Consolidation and the question of market structure
Despite current investor optimism, an inevitable consolidation phase is looming. China now boasts more than 150 humanoid robotics companies—a number inconsistent with the industry's economic maturity. Xinding Capital predicts that of the robotics companies funded in 2025, only 10 to 20 will ultimately survive as independent players. The dynamics are similar to previous Chinese technology booms—solar energy, electric vehicles, battery technology—where a period of market saturation and massive government subsidies led to the emergence of a few global champions, while the majority of providers disappeared from the market or were acquired.
For UBTech, this means that the current momentum—the revenue surge, the Airbus partnership, the aggressive recruiting—must be leveraged to secure a position among the long-term survivors. In this context, the multi-million-dollar salary for the chief scientist is an investment in technological differentiation, not in a single area of expertise. A truly superior AI model for body-worn intelligence could give UBTech's products a defensible competitive advantage—precisely what determines survival or displacement in an increasingly saturated market.

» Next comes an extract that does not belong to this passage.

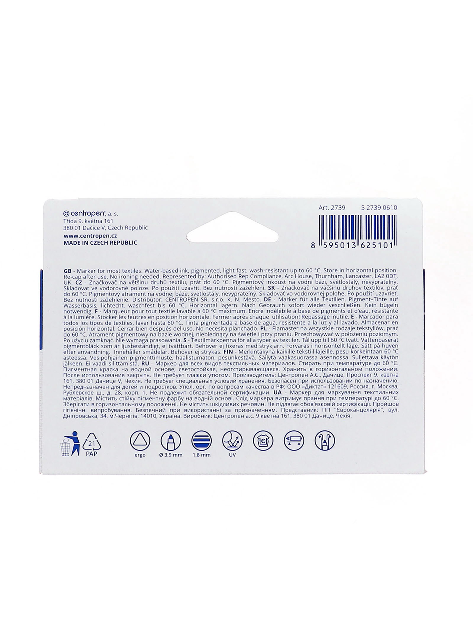 Набор маркеров для ткани 2739, 6 цветов, узел 3.9 мм, линия 1.8 мм, 11.6x15.7x1.6 см., Centropen, Чехия

Whether the plan succeeds depends on factors that are not yet fully foreseeable: the actual progress in integrating AI into humanoid systems, the development of manufacturing costs, regulatory acceptance in Western markets, and the pace at which Western competitors catch up. However, one thing is already certain: with its offer of 124 million yuan for a single researcher, China has demonstrated that it is not aiming for second place in this race.